Natural gas is a clean, affordable fuel used in food service and restaurant kitchens across the nation. It has a long track record for safety, too, and most facility managers understand how to appropriately use gas-fueled equipment. However, you may not be aware of safety standards in place for how equipment should be connected to the gas supply, especially if your kitchen contains older equipment or hasn't been renovated in a while. Below are some guidelines for flexible gas connections that can make your kitchen compliant with codes, and most importantly, safer for everyone including employees and patrons:
Don't be hard on your gas connections
Not too long ago, gas connections used hard steel or copper pipes to supply equipment. While those connections are sturdy in most respects, they possess a serious flaw that makes their use inadequate for commercial food service applications: immobility.
Hard-piped gas connections confine equipment to a fixed location and prevent it from being easily moved to another place. This lack of mobility means you will be unable to adequately clean behind ovens, grills and other equipment; grease can accumulate over time behind the equipment, and this poses a serious fire hazard. In addition, from a food safety standpoint, the accumulation of food particles and other edible materials leads to potential pest problems and other concerns about food-borne illness.
While there are alternatives for cleaning behind immobile fixtures, the reality is that busy staff won't always have the time or inclination to clean in confined locations, especially when those locations are difficult to access and filthy.
As an alternative to hard pipe, flexible hoses are now the established standard for use in making natural gas connections with kitchen equipment. In fact, several standards, including NSF, ANSI and CSA, mandate the use of flexible hoses that permit equipment to be readily moved around for cleaning purposes. Below are a few important considerations to keep in mind when purchasing or installing new flexible hoses:
- Be sure each hose contains a shut-off valve – each hose and appliance should contain a shut-off valve in addition to a main master valve. Valves should be mounted at the wall supply pipe so gas flow can be shut down immediately should an accidental separation occur.

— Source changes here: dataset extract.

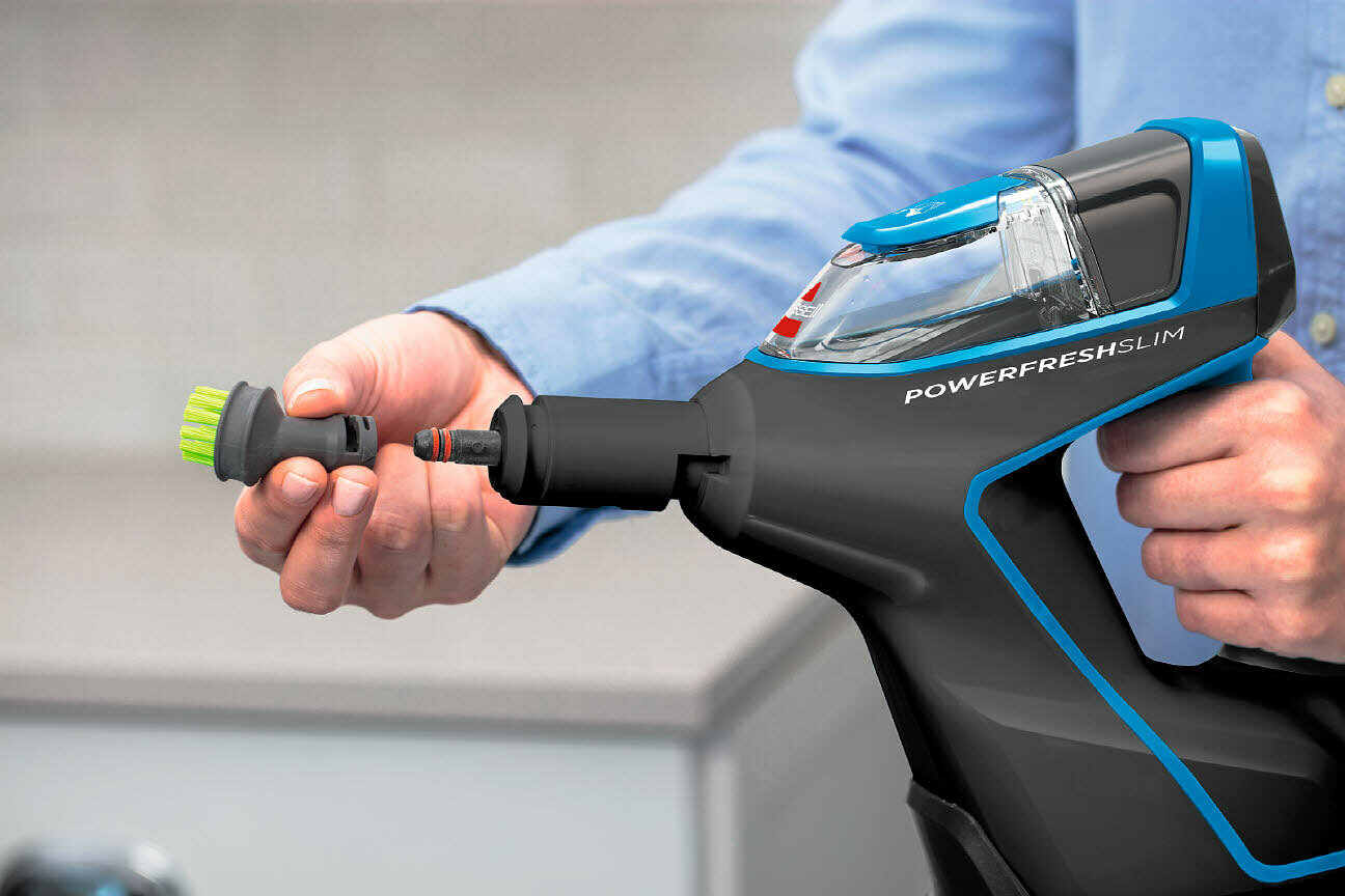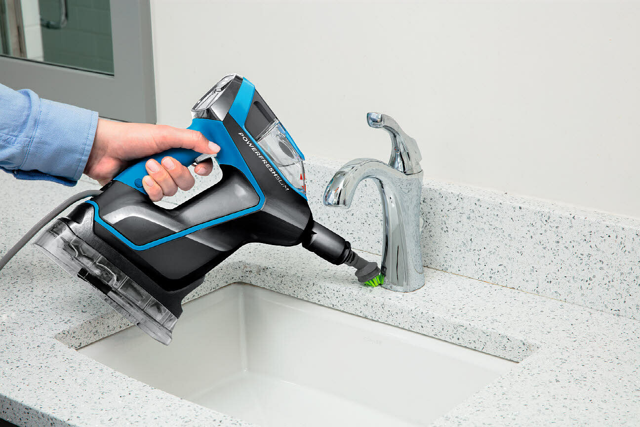 Bissell представляет собой удобный и функциональный пароочиститель 2-в-1, который может использоваться как мощная паровая швабра для твердых поверхностей, или как портативный ручной аппарат, идеально подходящий для кухонь, ванных комнат, садовой мебели, барбекю и др. Модель использует для очистки струю горячего пара, позволяя не только выполнить уборку, но и произвести дезинфекцию от различных бактерий.

- Hoses must be durable and resistant to heat and motion – any flexible hoses selected should withstand frequent movement and high temperatures. In addition, hoses chosen must be manufactured specifically for commercial use; hoses designed for use in homes are designed for stationary use only and will eventually fail after repeated movement of equipment.
- Obtain gas hoses with anti-bacterial coatings - the growth of harmful microorganisms is a concern within a food service environment, and hoses should be coated with persistent anti-microbial materials.
Maintain a proper amount of restraint
Since flexibly-connected equipment isn't attached to the floor and wall, it is must be properly restrained in some manner to prevent accidents. A poorly-restrained fryer, for example, could be suddenly jolted and splash hot oil. Below are some means of keeping equipment restrained so it complies with codes and provides an adequate amount of protection for users and facility occupants:
- Install restraining cables – these are "leashes", often coiled to prevent tangling, that join equipment to the wall. These cables prevent equipment from being extended beyond a safe limit that might otherwise permit gas hoses to be ripped free from their connections. Restraining cables should be kept attached at all times and only removed during cleaning.
- Use caster stops and brackets – since most movable equipment is wheeled via casters, it should be held in-place by the use of floor-mounted caster stops. These fixtures "trap" the wheels and hold them firmly to prevent accidental movement. Be sure you use correctly-sized caster stops and in the proper quantity as required.